Resilience is the ability to respond to change and adversity. It forms a pillar of climate-change planning, as resilience studies determine the extent to which an area is seen as responsive to environmental change (the Ontario Climate Consortium has executed several such studies). Forming connections between disciplinary boundaries, resilience studies examine infrastructure, architecture, emergency response, community connectedness, and other factors to determine how a place will respond to derivations from normal conditions (see Whyte in SDUK01 for a discussion of Indigenous nations’ resilience planning, and The Climate Change Project in that same issue for initiatives led by the City of Mississauga).
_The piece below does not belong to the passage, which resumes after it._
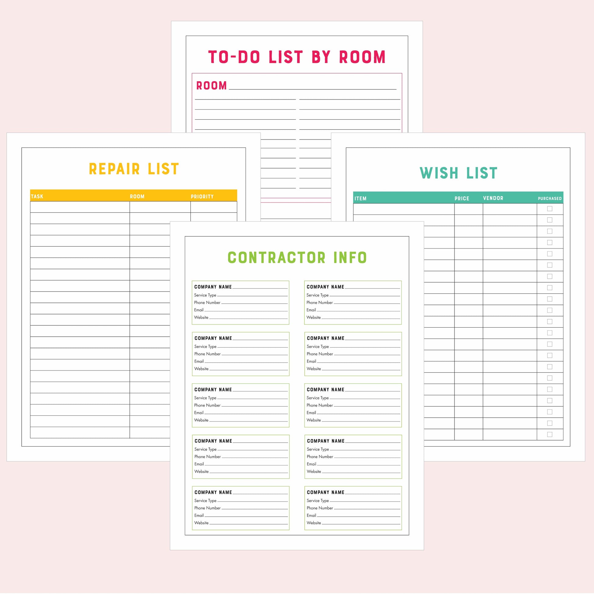 Colorful Home Improvement Planner Printable PDF (20 Pages)

As such, resilience is a mitigating factor when assessing risk for climate-change planning.

Risk: In a climate-change context, risk often refers to how the environment can be measured, calculated, and predicted for economic and legal ends such as insurance or infrastructure. It also involves assigning value or probability to unknown (and often unknowable) environmental conditions (see D.T. Cochrane’s recurring SDUK columns on the friction between the economy and the environment). In broader terms, risk management attempts to predict and plan for events that elude understanding and estimation, as in the “act of God” clause that appears in many insurance policies. For tangible examples of how risk factors into urban planning, see the work of the Ontario Climate Consortium.

In economic terms, scarcity describes a gap between limited resources and demand for those resources. But this definition of scarcity smoothes over the social and political dimensions of scarcity: Who lives in scarcity because of structural lack of access to resources and services? How does scarcity accrue in bodies, in relationships, across generations? (See Ross; Tisiga).

Typically understood to concern the use of force with the intent of causing harm (see Ross), violence also refers to the use of power to achieve symbolic victories at the expense of others’ freedom, safety, and well-being. This second connotation highlights the violence inherent in processes of settlement, extraction, and nation-building (see Shotwell; Andrialavidrazana; Davis & Todd, SDUK01) that underwrite the visibly violent processes of genocide and environmental destruction.